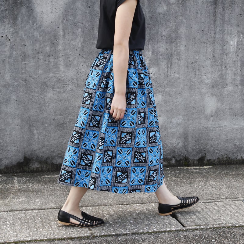 鮮やかな色彩とシルエットで魅せる、存在感のあるアフリカ布のスカート。コーディネートの主役となって、ロングシーズン活躍してくれるアイテムです。
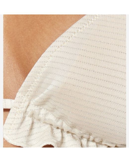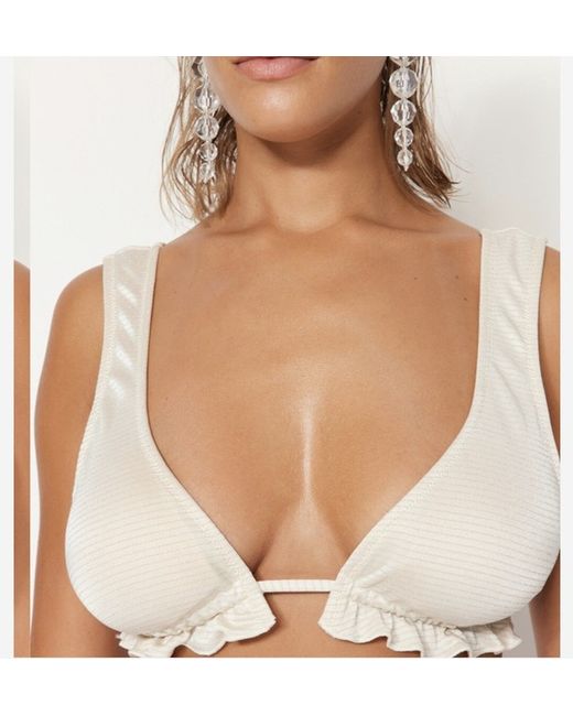 TRENDYOL SOLID RUFFLE HEM BIKINI TOP Size 12UK Make a splash at the beach in this trendy ecru bikini top by Trendyol. The ruffle hem adds a flirty touch while the adjustable straps ensure the perfect fit. Made with a blend of polyester and elastane, this top is comfortable and durable for all-day wear. This bikini top is perfect for any beach or pool day, and its size 12UK ensures a great fit for any woman. The solid colour and stylish accents make it a versatile addition to any swimwear collection.
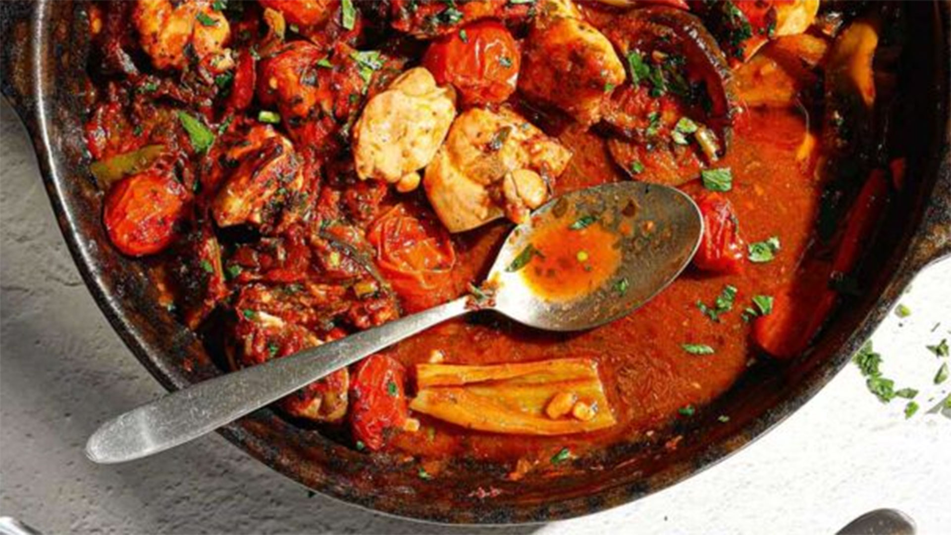 Το κοτόπουλο περιέχει σημαντικά ποσά πρωτεΐνης, είναι πλούσιο σε βιταμίνες του συμπλέγματος Β και ψευδάργυρο, βοηθώντας τη μεταφορά οξυγόνου και τη σωστή λειτουργία του ανοσοποιητικού. Η χρήση της ντομάτας και της πιπεριάς προσφέρει σημαντικές ποσότητες λυκοπενίου και βιταμίνης C, προσφέρoντας ισχυρή αντιφλεγμονώδη και αντικαρκινική δράση.
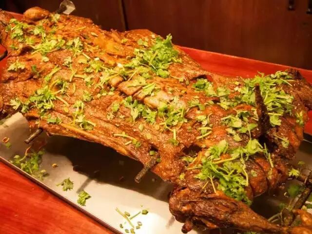 着数君期待已久的烤全羊终于上桌了!烤全羊的诞生需要经过多重复杂的工艺,丝毫不得马虎,建议各位小伙伴要提前预定,不然就会像着数君一样要等很久咯!
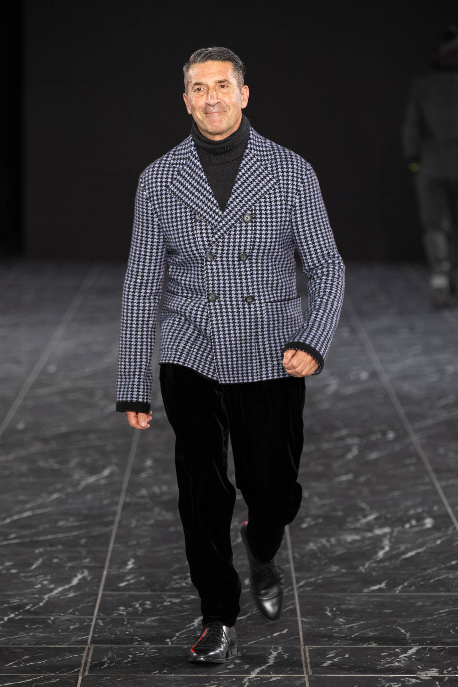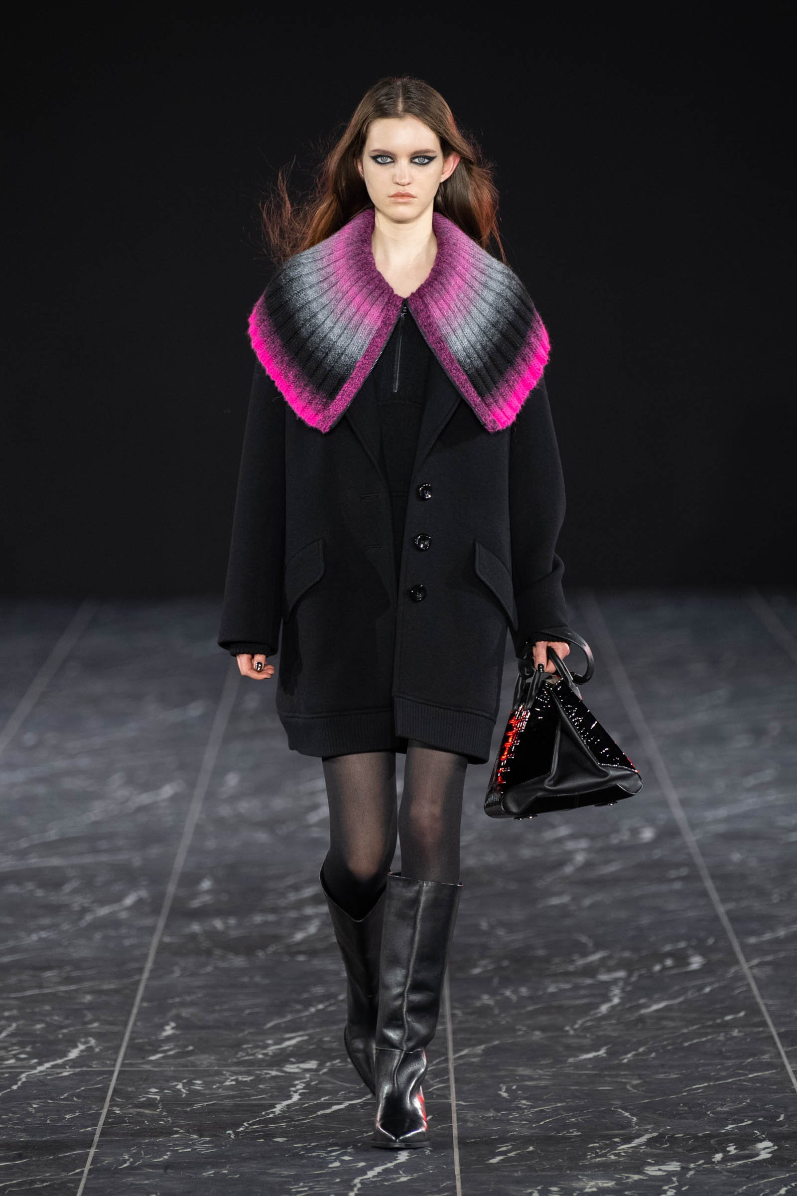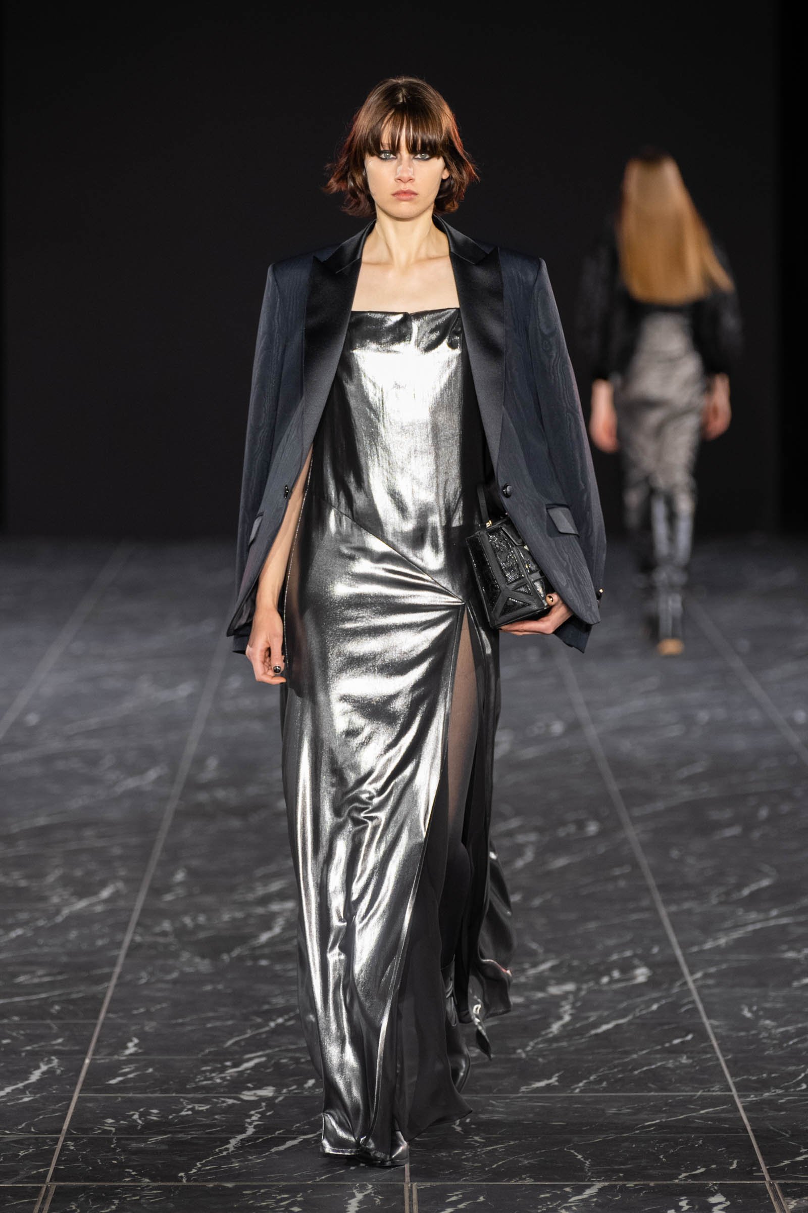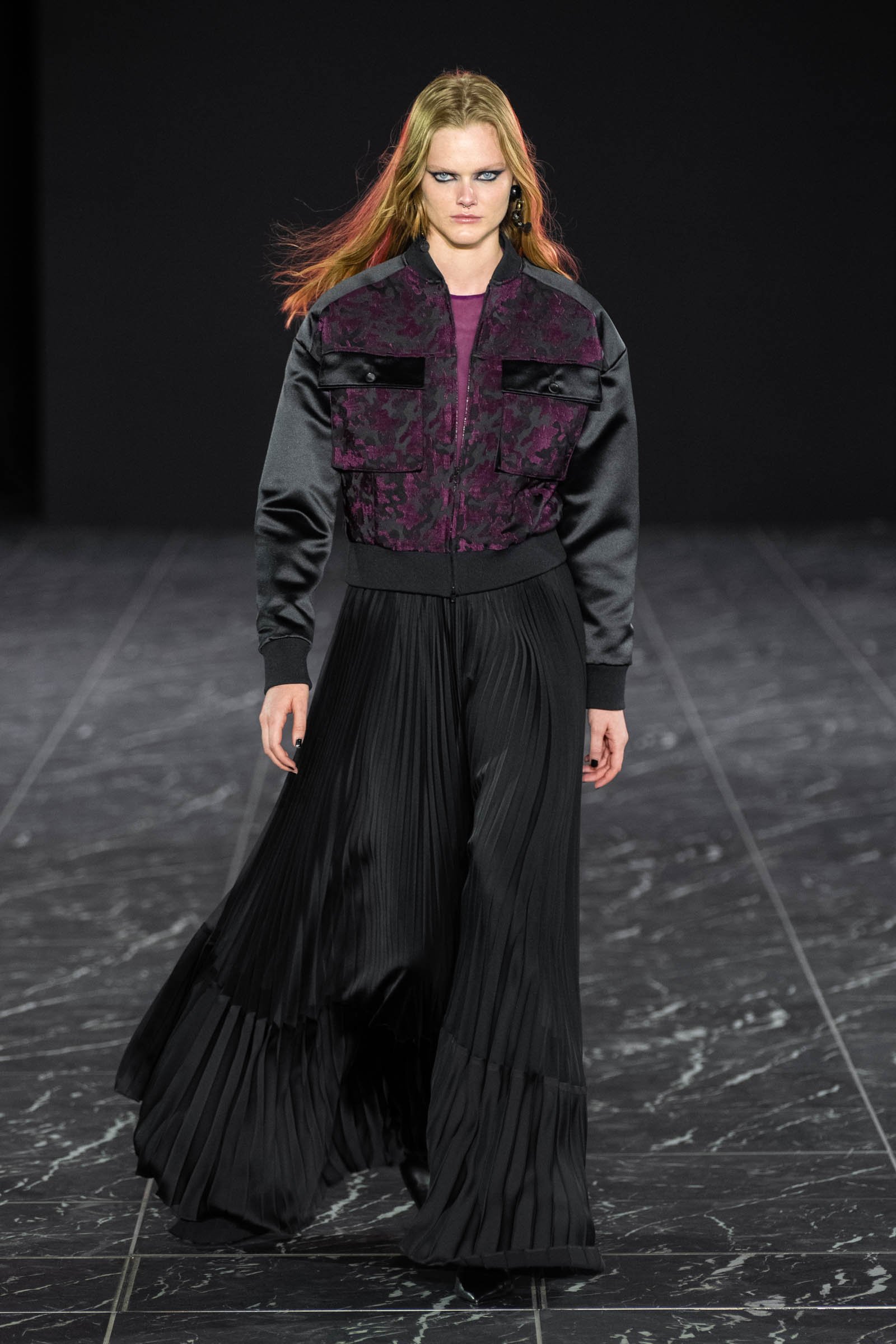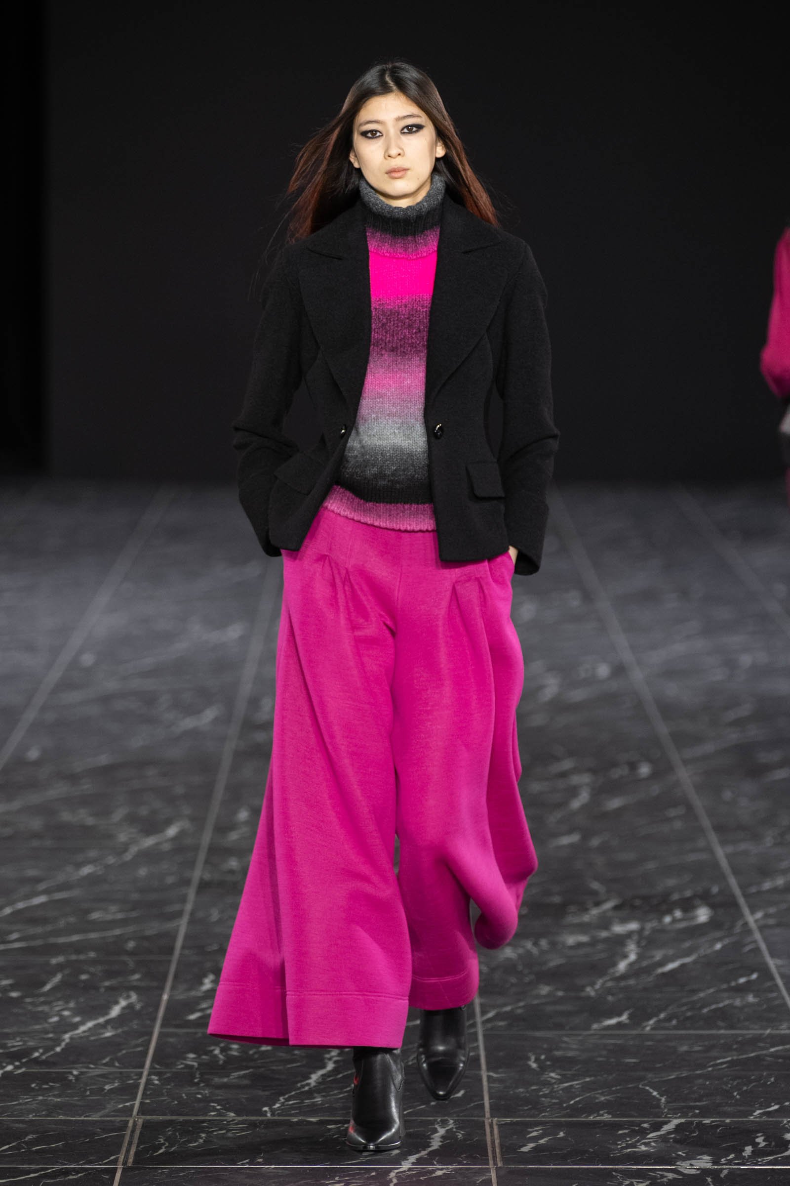 コレクションは、コロナ禍がひと段落し、今後はより力強い時代が訪れるのではという思いから「風を巻き起こす」をテーマにヴィヴィッドカラーや光沢感のある素材が印象的なルックが多く並んだ。男女のモデルが同じ服を着用し、10代のモデルからパンツェッタ・ジローラモまで幅広い年齢層のモデルがランウェイに登場するなど固定観念に縛られない演出を目指したという。ショーに合わせて作られた楽曲は、重低音の響く緊張感のある曲調に始まり、終盤ではピアノをミックスさせることで美しさを表現。タエ アシダのムードにあった強さと美しさを意識したという。
===
Work item:
Starting at the line that contains "Το κοτόπουλο περιέχει", reproduce each line exactly through the end of the entries above, leaving every picture out.

Task answer:
 Το κοτόπουλο περιέχει σημαντικά ποσά πρωτεΐνης, είναι πλούσιο σε βιταμίνες του συμπλέγματος Β και ψευδάργυρο, βοηθώντας τη μεταφορά οξυγόνου και τη σωστή λειτουργία του ανοσοποιητικού. Η χρήση της ντομάτας και της πιπεριάς προσφέρει σημαντικές ποσότητες λυκοπενίου και βιταμίνης C, προσφέρoντας ισχυρή αντιφλεγμονώδη και αντικαρκινική δράση.
 着数君期待已久的烤全羊终于上桌了!烤全羊的诞生需要经过多重复杂的工艺,丝毫不得马虎,建议各位小伙伴要提前预定,不然就会像着数君一样要等很久咯!
 コレクションは、コロナ禍がひと段落し、今後はより力強い時代が訪れるのではという思いから「風を巻き起こす」をテーマにヴィヴィッドカラーや光沢感のある素材が印象的なルックが多く並んだ。男女のモデルが同じ服を着用し、10代のモデルからパンツェッタ・ジローラモまで幅広い年齢層のモデルがランウェイに登場するなど固定観念に縛られない演出を目指したという。ショーに合わせて作られた楽曲は、重低音の響く緊張感のある曲調に始まり、終盤ではピアノをミックスさせることで美しさを表現。タエ アシダのムードにあった強さと美しさを意識したという。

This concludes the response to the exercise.